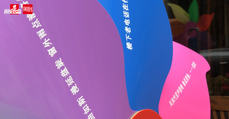 第二件事,我们把永康路东面这段布置成“风车一条街”,呈现出一派秋日的景象,非常热闹。同时呢,我们很多的客人和艺术家在看到风车以后对风车做了二次创作,你可以看到风车背后有一些非常短的一些诗句,这些是摄影家和诗人郑阳创作的。
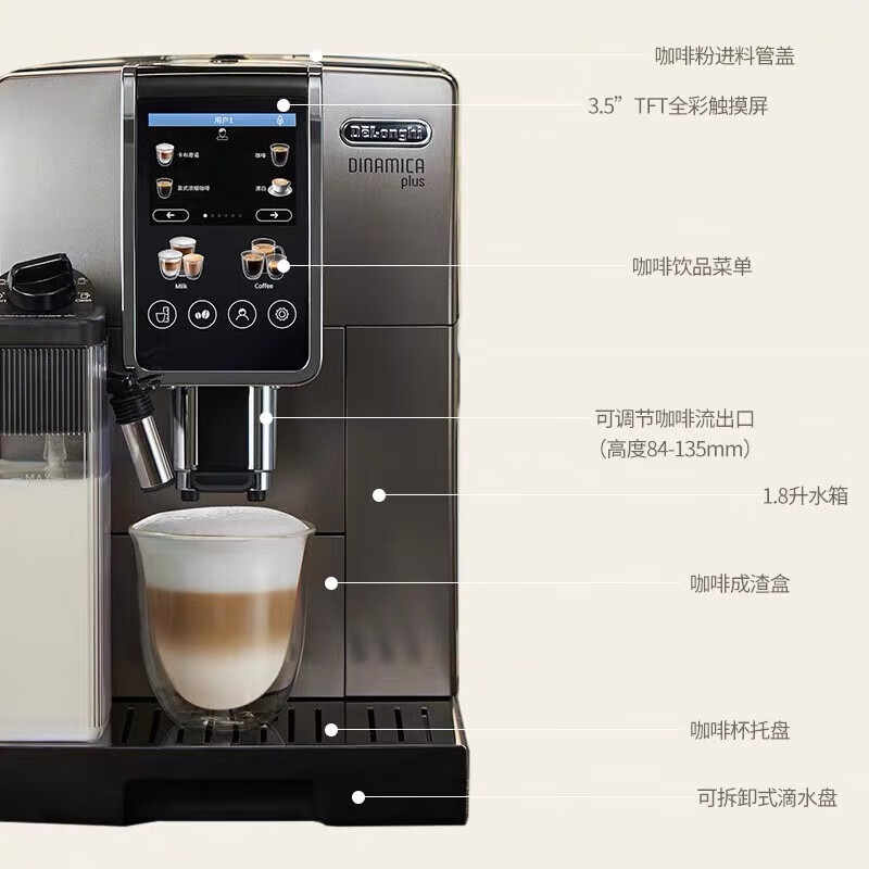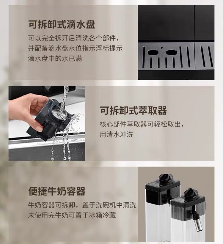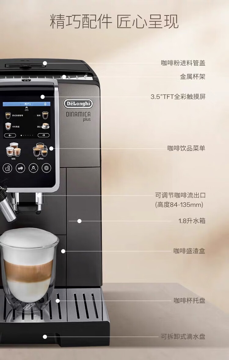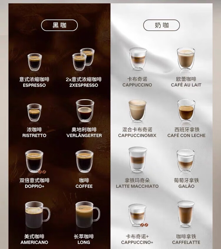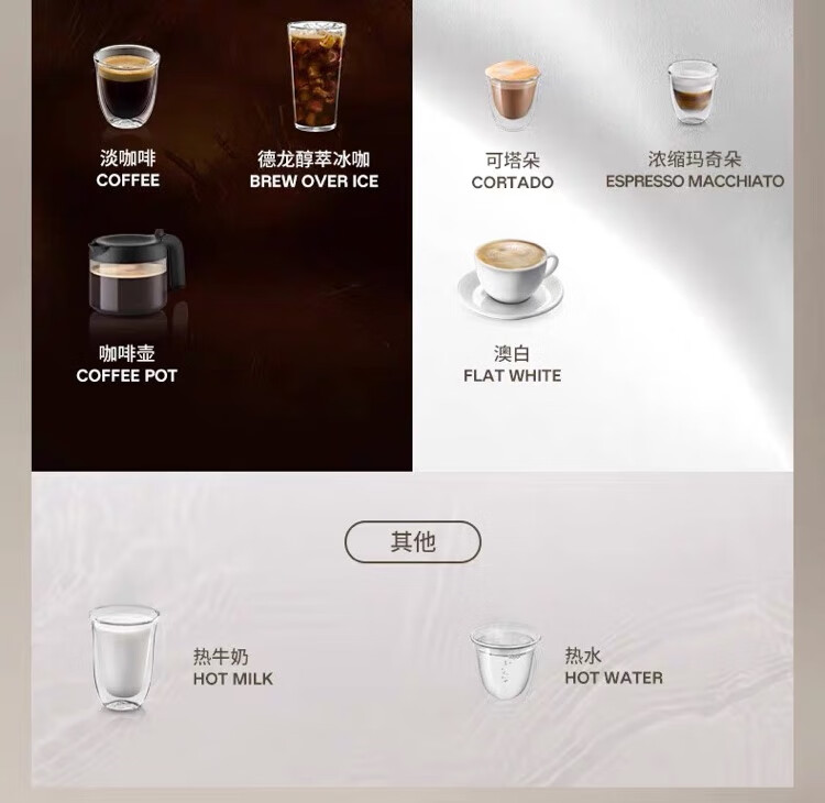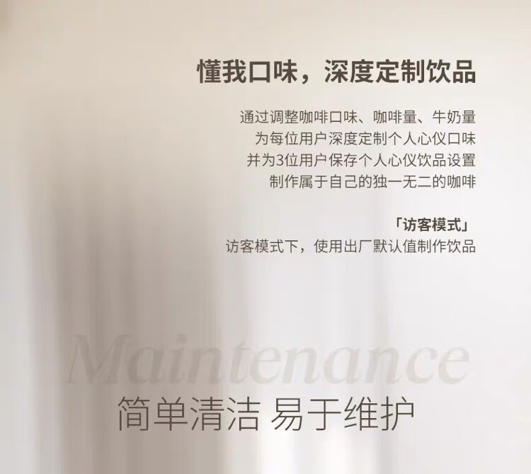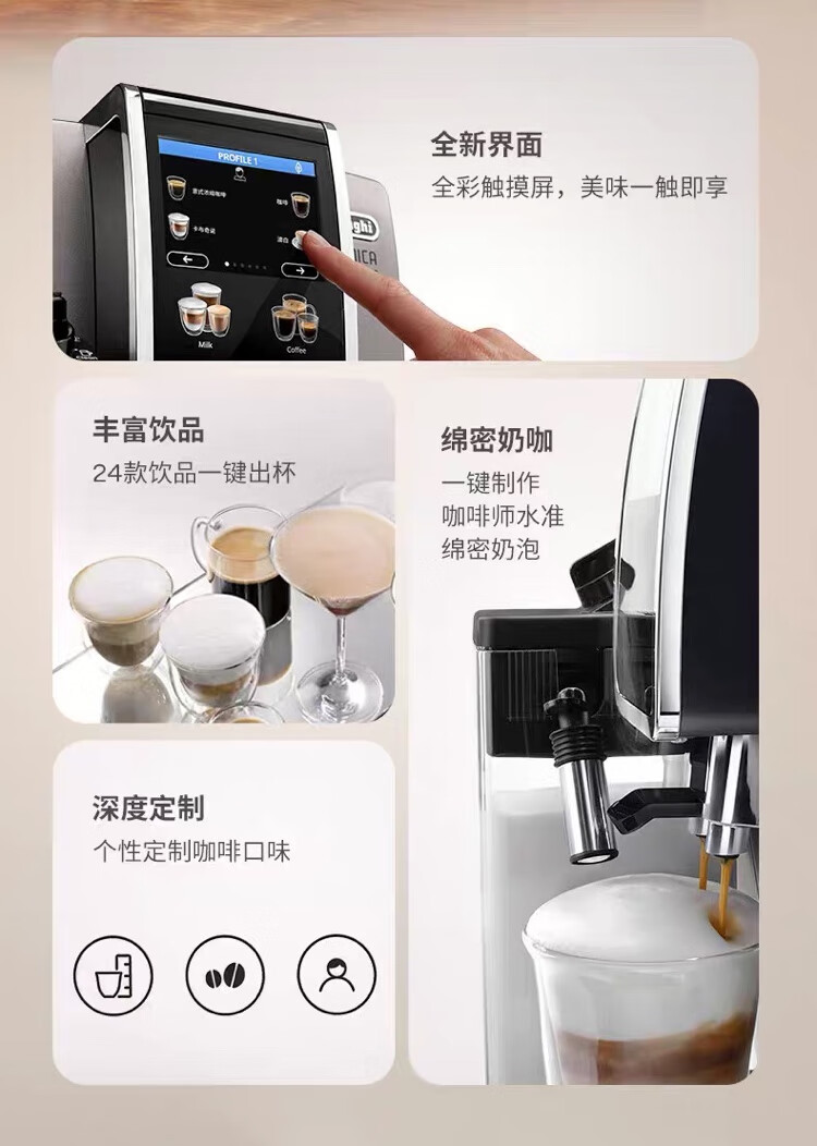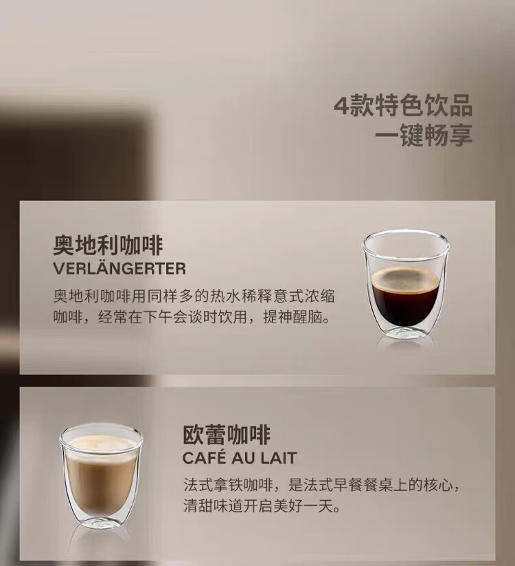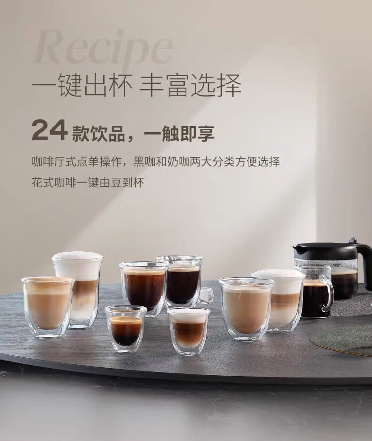 低温醇萃, 在家即可享受酷爽冰咖;智能记忆,咖啡菜单实时排序,为全家定制专属菜单;一键获得咖啡厅经典饮品(24种饮品任您选择)
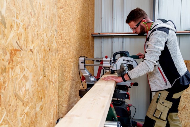 Allsidig kapp- og gjæringssag med maksimalt utstyr: variabel hastighet, kompakt trekkfunksjon, helning av saghodet til begge sider. Kompakt trekkfunksjon som ikke tar opp plass bak sagen. Effektivt sponavsug med integrert spontrakt.
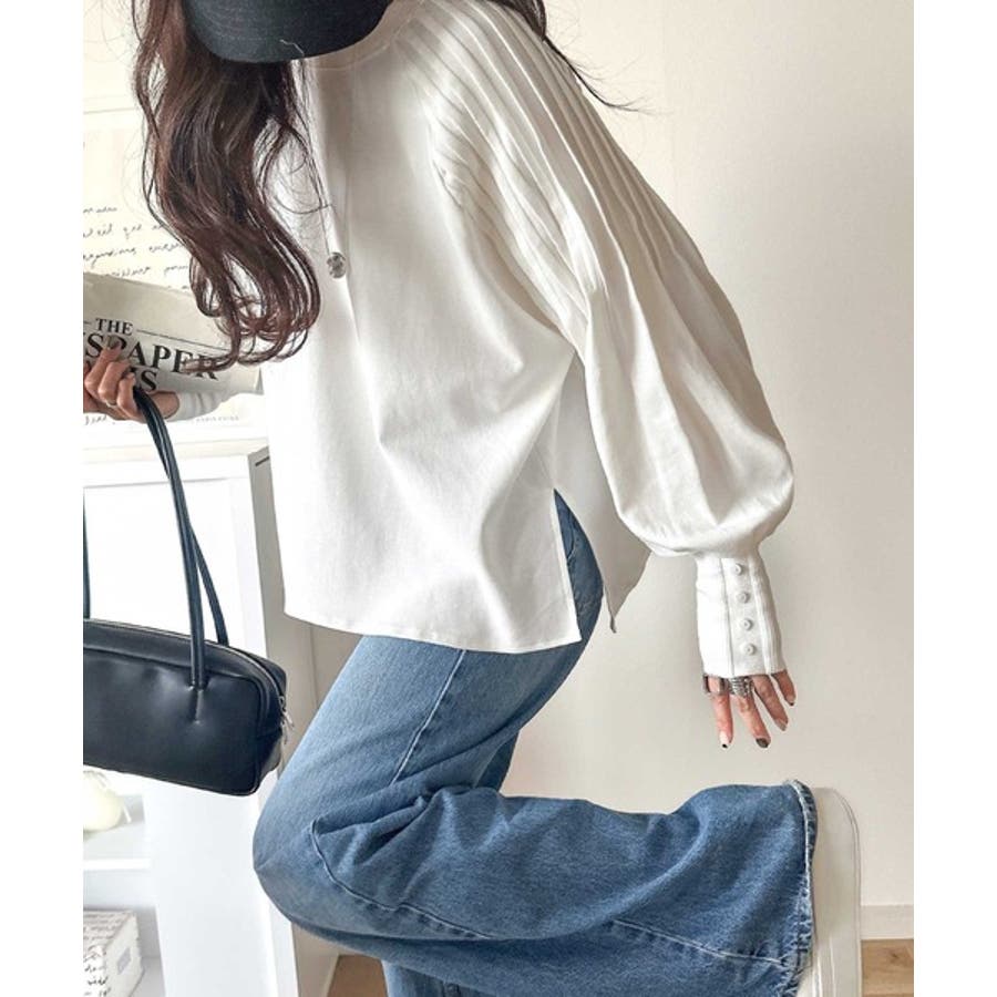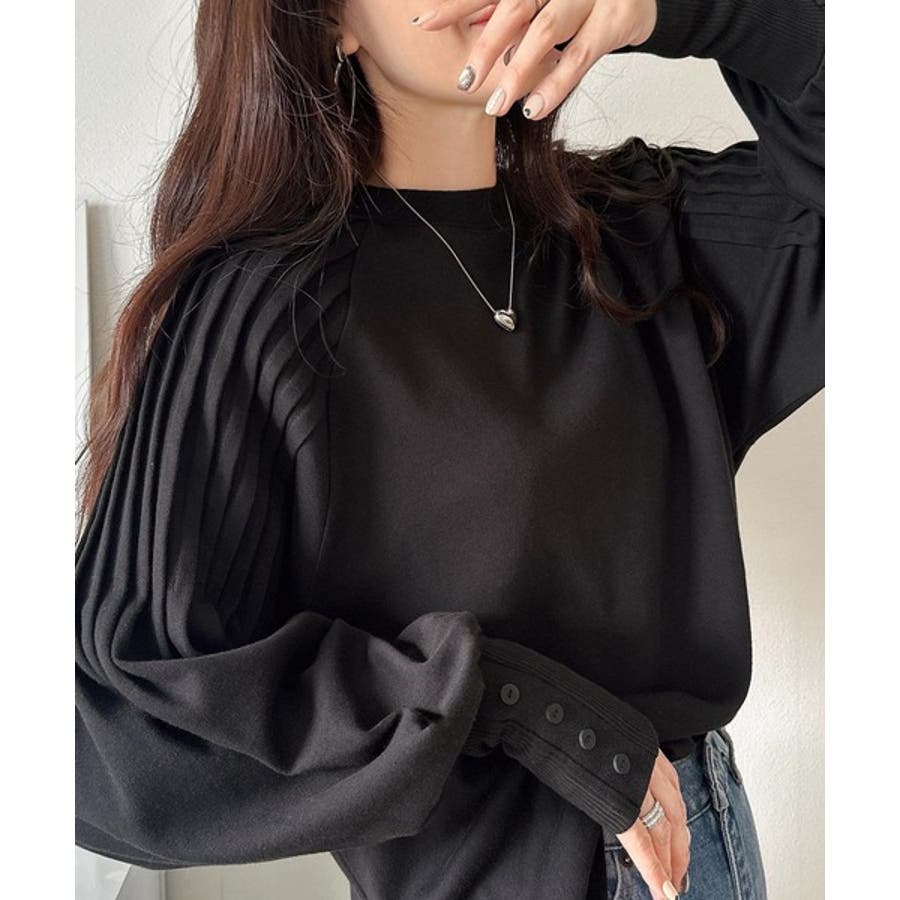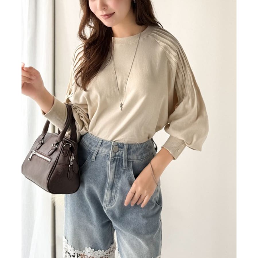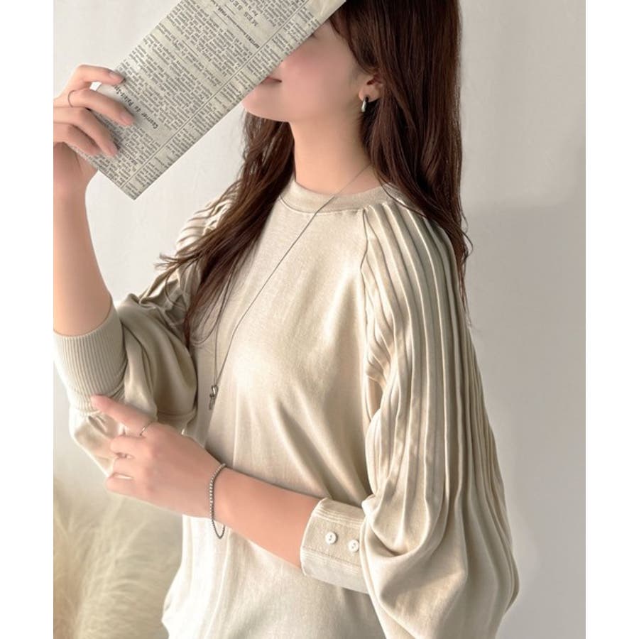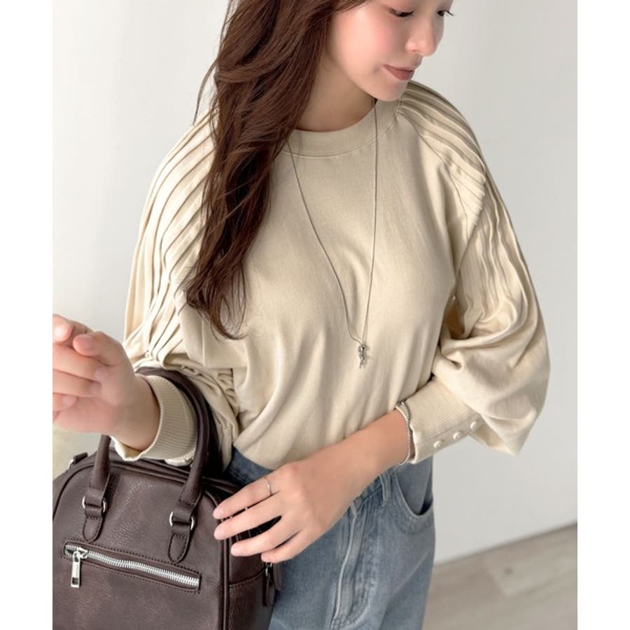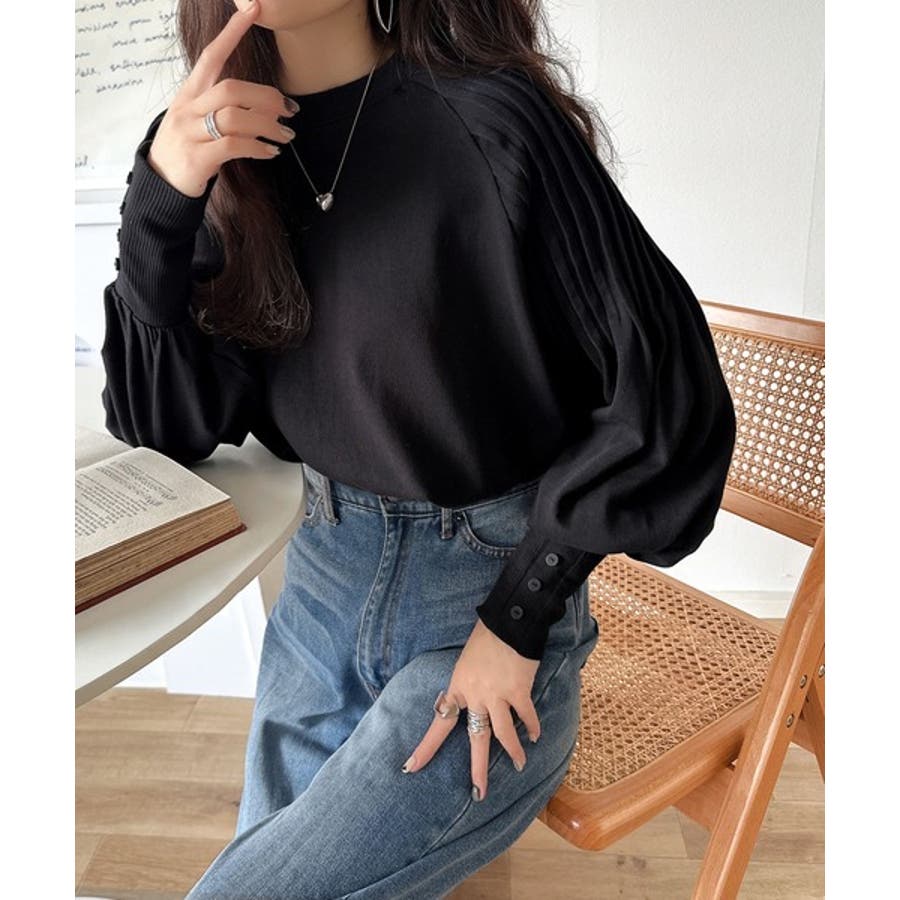 タックの入ったバルーンスリーブが特徴的なロングリブスリーブカットソー。

☆ ☆ ☆ ☆ ☆

From the line that contains "Allsidig kapp- og" to the final line of the material, write out each line exactly. Pictures stay out.

 Allsidig kapp- og gjæringssag med maksimalt utstyr: variabel hastighet, kompakt trekkfunksjon, helning av saghodet til begge sider. Kompakt trekkfunksjon som ikke tar opp plass bak sagen. Effektivt sponavsug med integrert spontrakt.
 タックの入ったバルーンスリーブが特徴的なロングリブスリーブカットソー。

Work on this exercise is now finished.